2. Le Recteur et la définition de l’université

Le Recteur a pour mandat de préserver les fondements de l’université. Cette dernière doit rester un lieu d’enseignement et de recherche dont la finalité n’est pas nécessairement d’assurer la formation professionnalisante des étudiants en fonction des attentes d’un marché. A cet égard, elle doit se prémunir contre les discours prônant les supposées vertus d’une formation « clé en main », celle qui prétend que s’adapter et obéir aux aléas imprévisibles du marché de l’emploi permet d’en contrôler les soubresauts et les dysfonctionnements.

Le Recteur doit pouvoir proposer une autre vision, plus innovante et ambitieuse, de l’enseignement universitaire qui ne renonce pas à former des citoyens équipés d’une vaste panoplie de connaissances les rendant utiles à la société de différentes manières : des citoyens critiques, indépendants, capables d’agir eux-mêmes sur les contextes les plus variés, et d’inventer les métiers de demain.

Car c’est bien à la recherche, et non au marché, que s’adosse l’enseignement universitaire. Le Recteur doit garantir, partout, les liens de présupposition réciproque entre enseignement et recherche universitaires, plutôt que de « dissocier les flux » à des fins gestionnaires. Là encore, un retour vers la Magna Charta fondatrice du processus de Bologne s’impose dès lors qu’il s’agit de maintenir l’ « inséparabilité des activités de recherche et d’enseignement » (cf. deuxième principe fondateur de la Charte). La récente dissociation de la recherche et de l’enseignement en départements d’une part, et unités de recherche d’autre part n’est pas en phase avec la Magna Charta, et rend très difficile la gestion des postes académiques et scientifiques et du PATO, planifiée dans les plans stratégiques.

Une des missions prioritaires de l’Université est de mener une politique plus ambitieuse en matière de recherche fondamentale (c’est-à-dire source de connaissances), quelle que que soit sa finalité. La recherche fondamentale fait évoluer le savoir, elle nourrit notre enseignement, et peut parfois conduire à des changements profonds de paradigme.

L’évaluation de la recherche au sein des UR et le processus de labellisation ont des modalités qui restent obscures, et qui instaurent un climat de compétition interne injuste et démotivant.

L’évaluation par domaine récemment instaurée fragilise l’ULiège en la rendant moins attractive aux yeux des chercheurs dont la carrière est déjà de plus en plus précaire. Cette évaluation prépare le terrain à la disparition de certaines filières sur fond de regroupements d’unités de recherche et d’enseignement au sein d’universités spécifiques.
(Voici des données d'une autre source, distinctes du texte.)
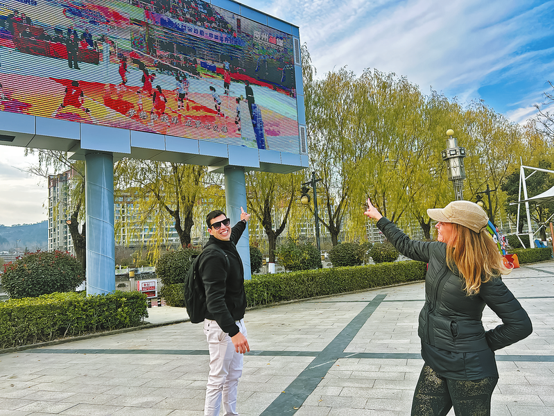 十二月八日,我市丹鶴樓廣場(chǎng)電子大屏上播放的U15世界中學(xué)生排球錦標(biāo)賽宣傳視頻,引起了幾位外國友人的關(guān)注。近日,我市通過報(bào)紙、電視、網(wǎng)絡(luò)、戶外大屏等各類平臺(tái)宣傳賽事,不斷擦亮“賽事之城”新名片。(本報(bào)記者 肖云 攝)
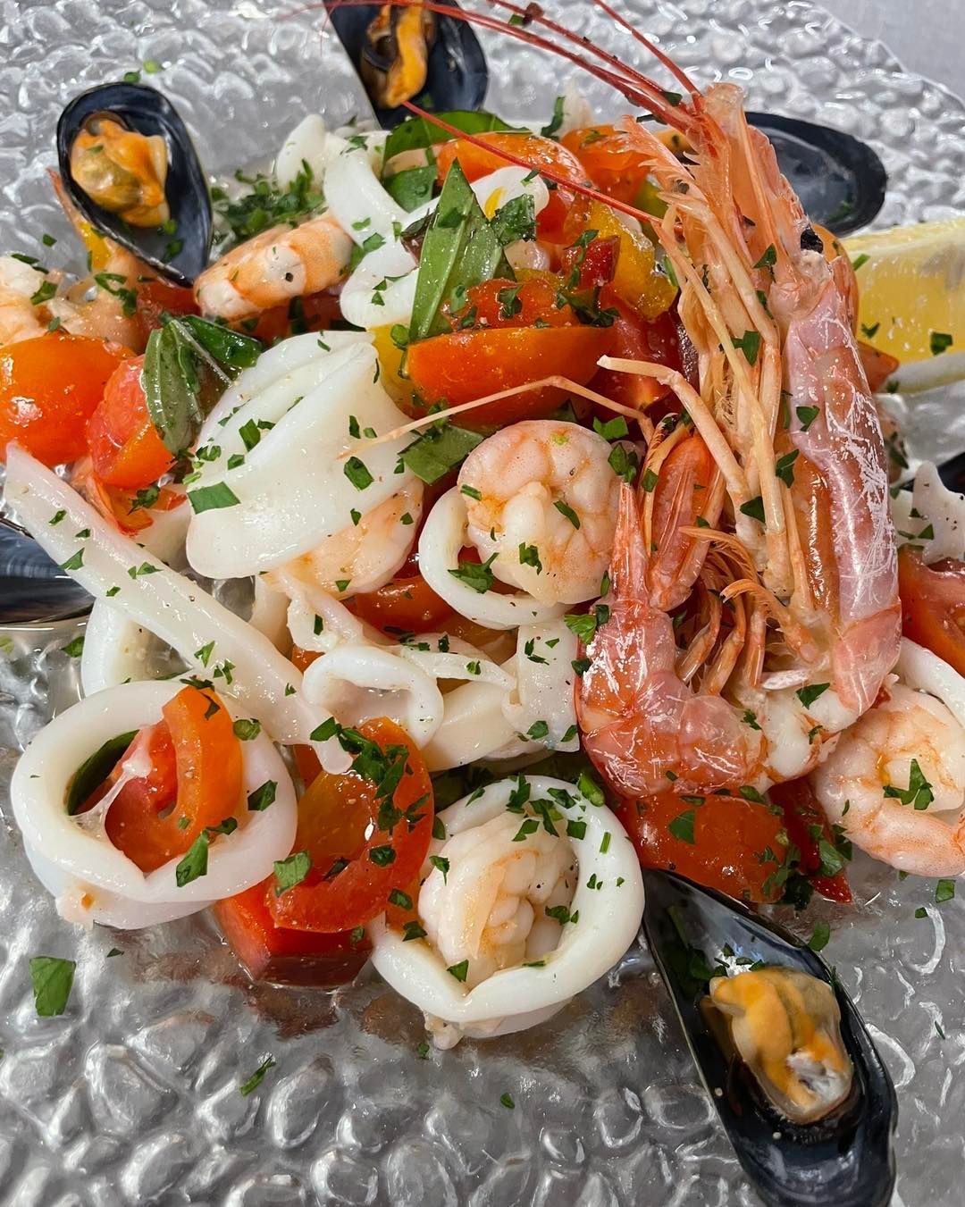 Non mancano i primi piatti come risotti e paste fresche abbinate a frutti di mare e crostacei, sapientemente bilanciati da salse leggere e profumi mediterranei. I secondi piatti, invece, spaziano dalle grigliate di pesce misto ai filetti di pescato del giorno, cotti con tecniche che rispettano la delicatezza delle carni. Ogni piatto è un omaggio al mare, pensato per regalare un'esperienza gastronomica autentica e indimenticabile.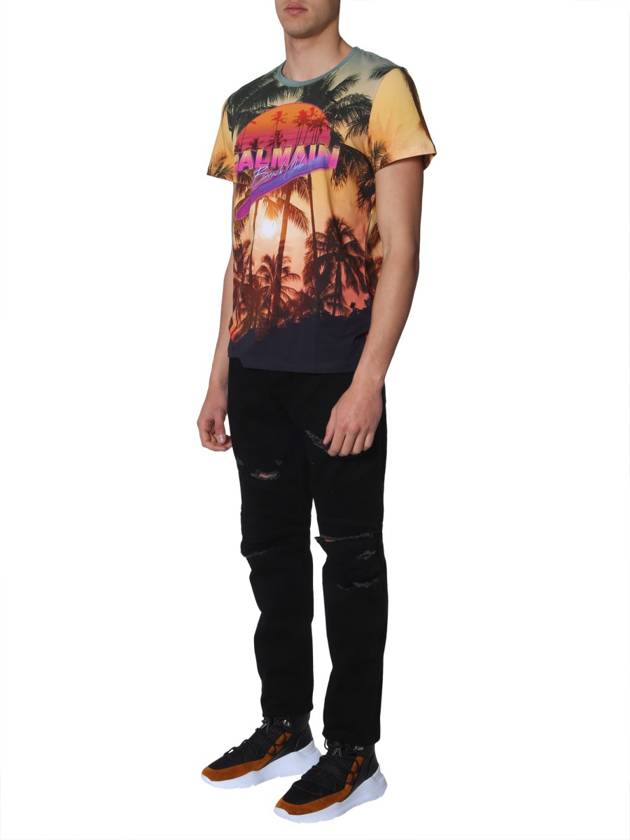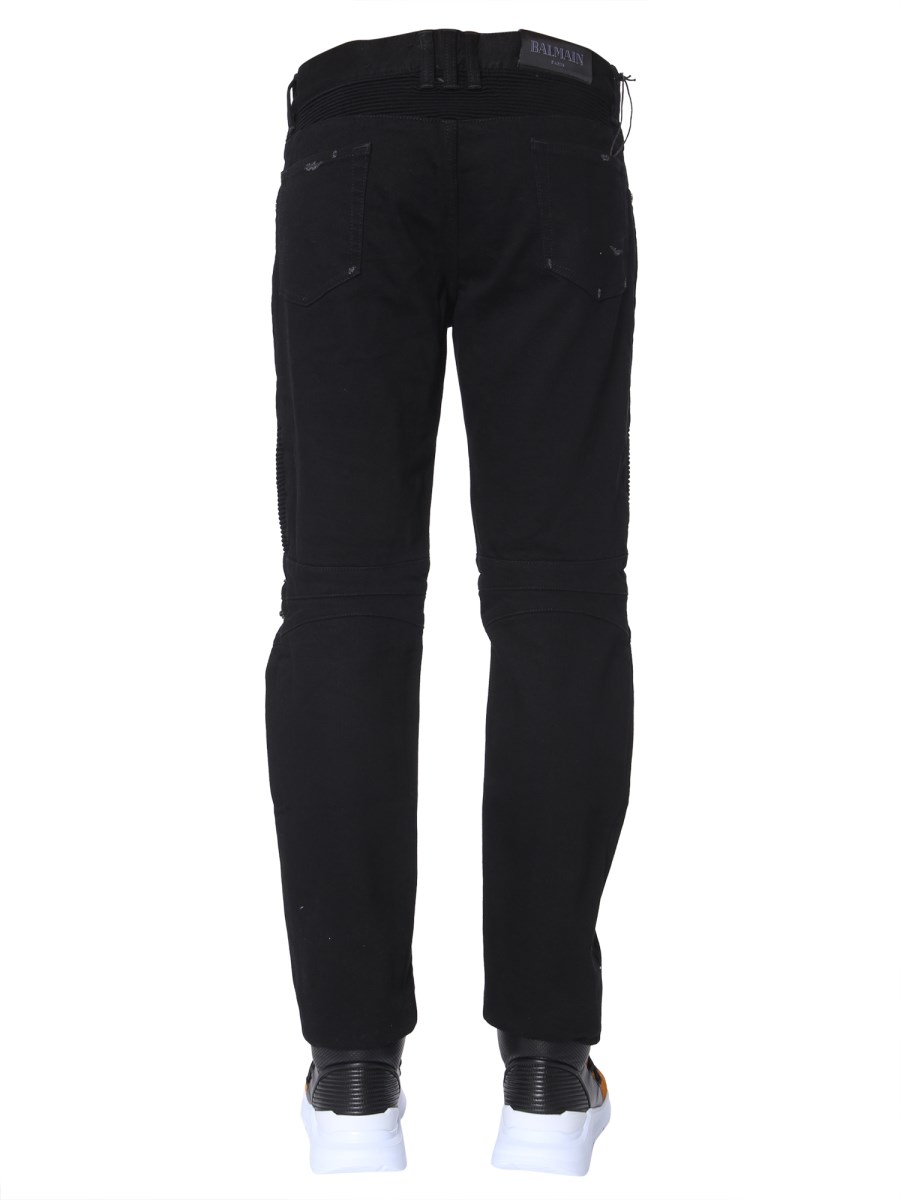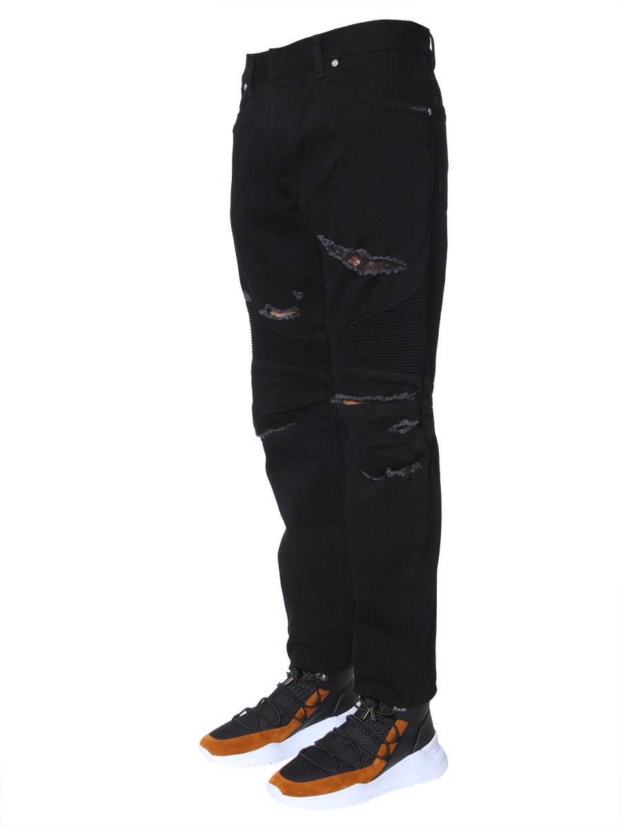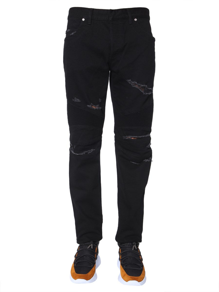 Look fashionable in this slim fit jean by Balmain. Made from a blend of 98% cotton, 2% polyurethane, the jeans is sure to provide you a perfect slim fit. Classic details of hidden closure with button and frayed details complete the style of this jeans. Flexible and comfortable fabric makes it a suitable addition to your everyday wearables.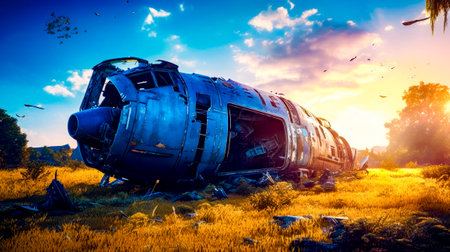 Abandoned military aircraft in the field at sunset. 3d rendering Realistic Post Apocalypse Landscape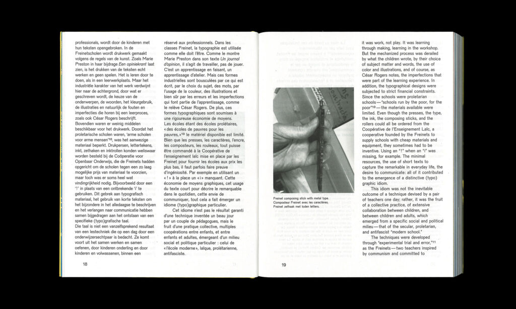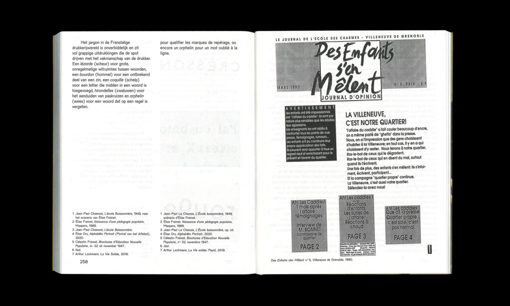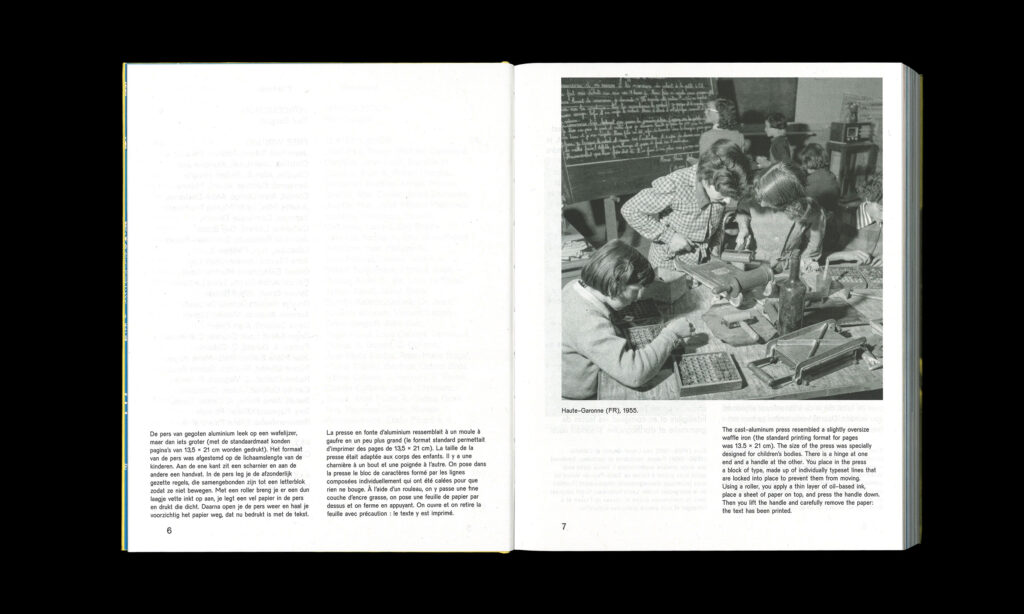 ‘Freinet Techniques’ is a project by graphic designer Paul Gangloff. It aims to publish a selection of texts written, typeset and printed by children on the presses of the Freinet schools between the 1920’s and 1980’s. Reproduced from the archives of the association les Amis de Freinet, the children’s texts are accompanied by three essays by graphic designer César Rogers, artist and researcher Marie Preston and Gangloff. The essays make a link between the ideological framework of the Freinet techniques and contemporary practices of graphic design, literacy and co-creation.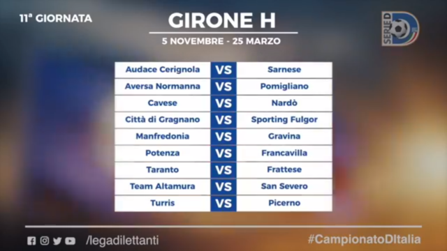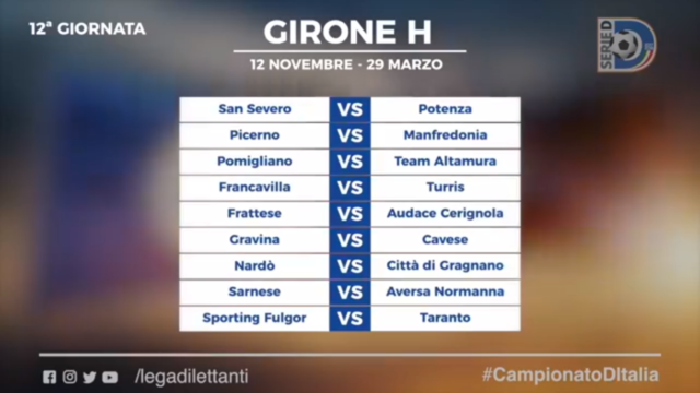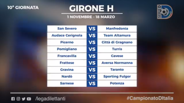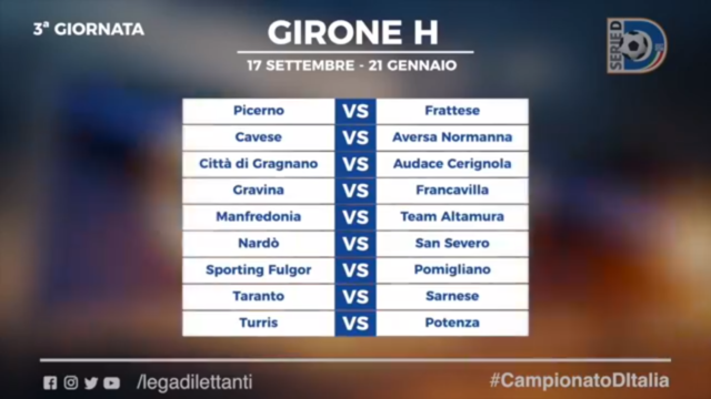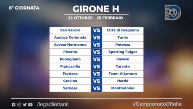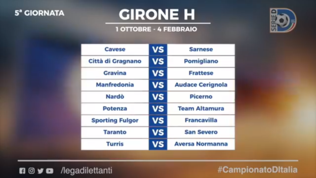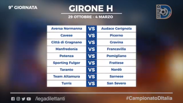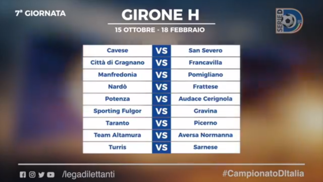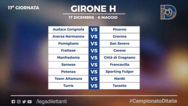 Soste: il /2017 e il /2017. La giornata di ritorno turno infrasettimanale giovedì /2017. Gare alle ore 15,00. Dal /2017 alle ore 14,30. Dal /2018 alle ore 15,00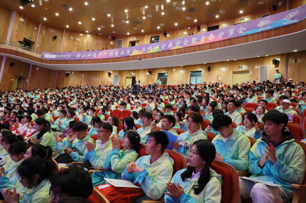 在青春分享环节中,教师代表、学生志愿者代表分享参与亚运会、亚残运会服务保障的幕后故事,再现志愿工作的精彩瞬间。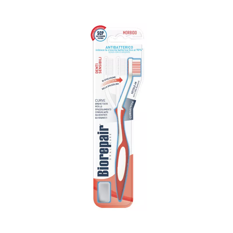 Spazzolino Biorepair Curve Denti Sensibili, realizzato interamente con materiali batteriostatici, grazie alla tecnologia batteriostatica Self Cleaning Polymer che contrasta la proliferazione batterica e rende la superficie dello spazzolino più sicura. La curvatura in avanti con la testina compatta e parallela al manico, permette di raggiungere e pulire più efficacemente anche le superfici più nascoste, massimizzando il contatto tra setole, denti e gengive. Le setole Deep Cleaning ad alta densità sono delicate su denti e gengive e rimuovono la placca. Le lamelle in gomma dietro la testina favoriscono la pulizia della lingua.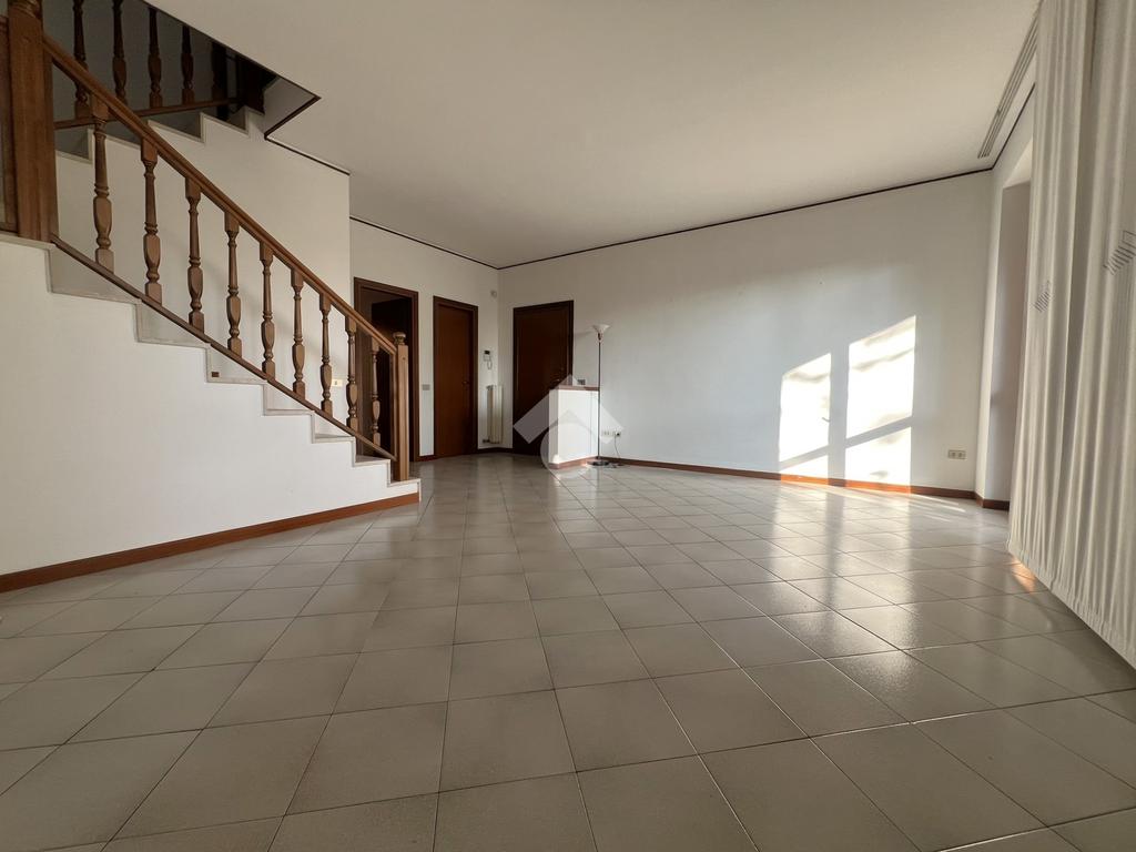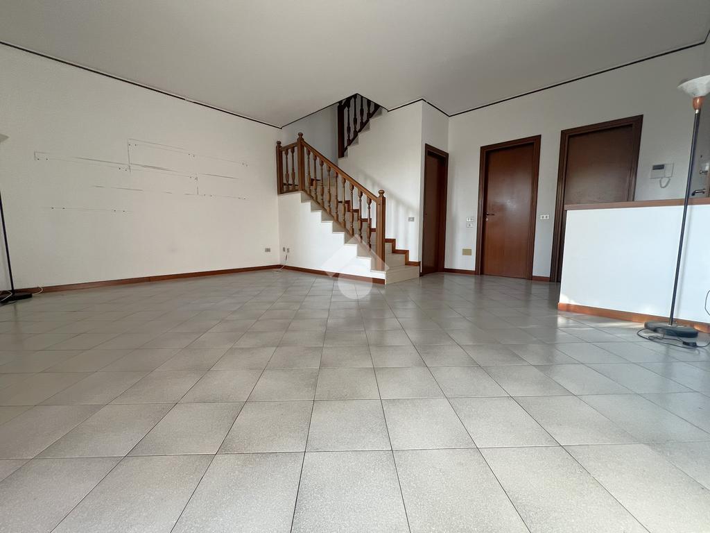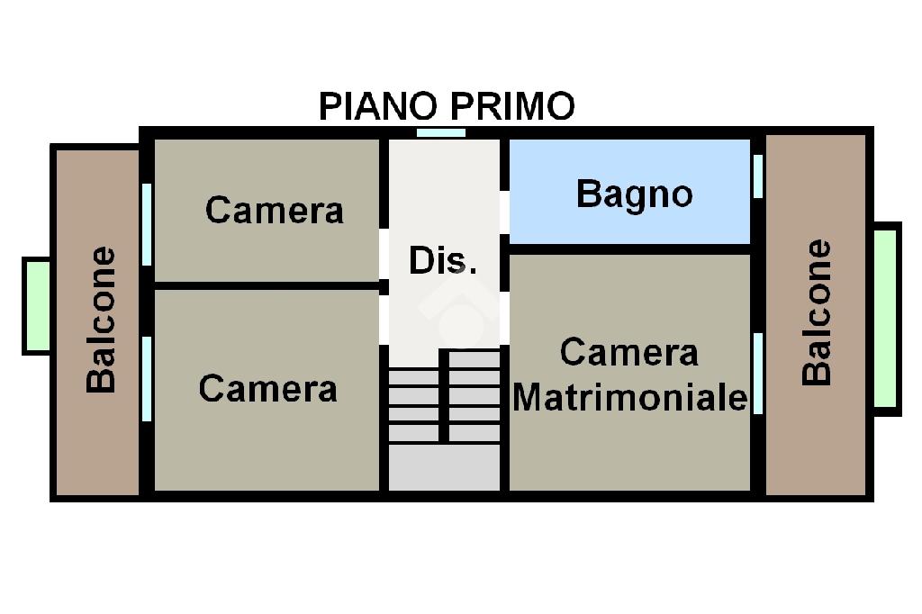 Tramite la comoda scala interna in muratura e posizionata centralmente si accede al piano primo dove troviamo la camera matrimoniale con accesso ad un terrazzino loggiato, il bagno di generose dimensioni e due camerette con l'accesso ad un ulteriore terrazzino.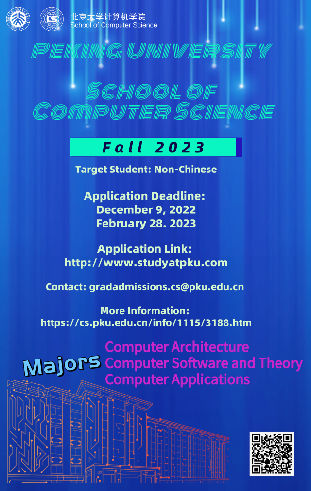 To help you have a better understanding of our School, we also encourage you to watch our recruitment videos, PKU Computer Science Postgraduate Recruitment | Asian Universities Alliance (eeo.cn). For detailed information about the application process, please visit our website: Application Guide for Ph.D. Program in Computer Science at Peking University (International Students, Fall 2023)-北京大学计算机学院 (pku.edu.cn)

L’évaluation des nouveaux membres du corps académique au cours de leur période probatoire, se base, entre autres choses, sur Evalens, promu au rang d’outil certificatif en dépit du faible taux de participation des étudiants (moins de 20%) et alors qu’il devrait se limiter à permettre aux enseignant.e.s de mieux cibler les améliorations qu’ils peuvent apporter à leurs propres cours.

Par contre, l’évaluation de certains secteurs de l’administration n’a jamais eu lieu, du moins sous une forme structurée, telle qu’une enquête auprès des chercheurs/enseignants et du PATO. Cette dernière pourrait porter, par exemple, sur des sujets tels que la transparence des règlements, la connaissance de l’anglais comme prérequis pour le personnel encadrant le montage et la gestion de projets internationaux, la nécessité d’une bonne coordination entre l’ARH, l’ARD, l’ARF et les services juridiques dans le cadre de ces mêmes dossiers, ou encore la possibilité d’envisager des mandats limités dans le temps et dotés d’objectifs clairs et précis pour les directeurs/directrices d’administration.

QUESTIONS

-Comment envisagez-vous l’articulation entre la recherche et l’enseignement à la lumière des récents soubresauts structurels qui ont caractérisé notre institution ?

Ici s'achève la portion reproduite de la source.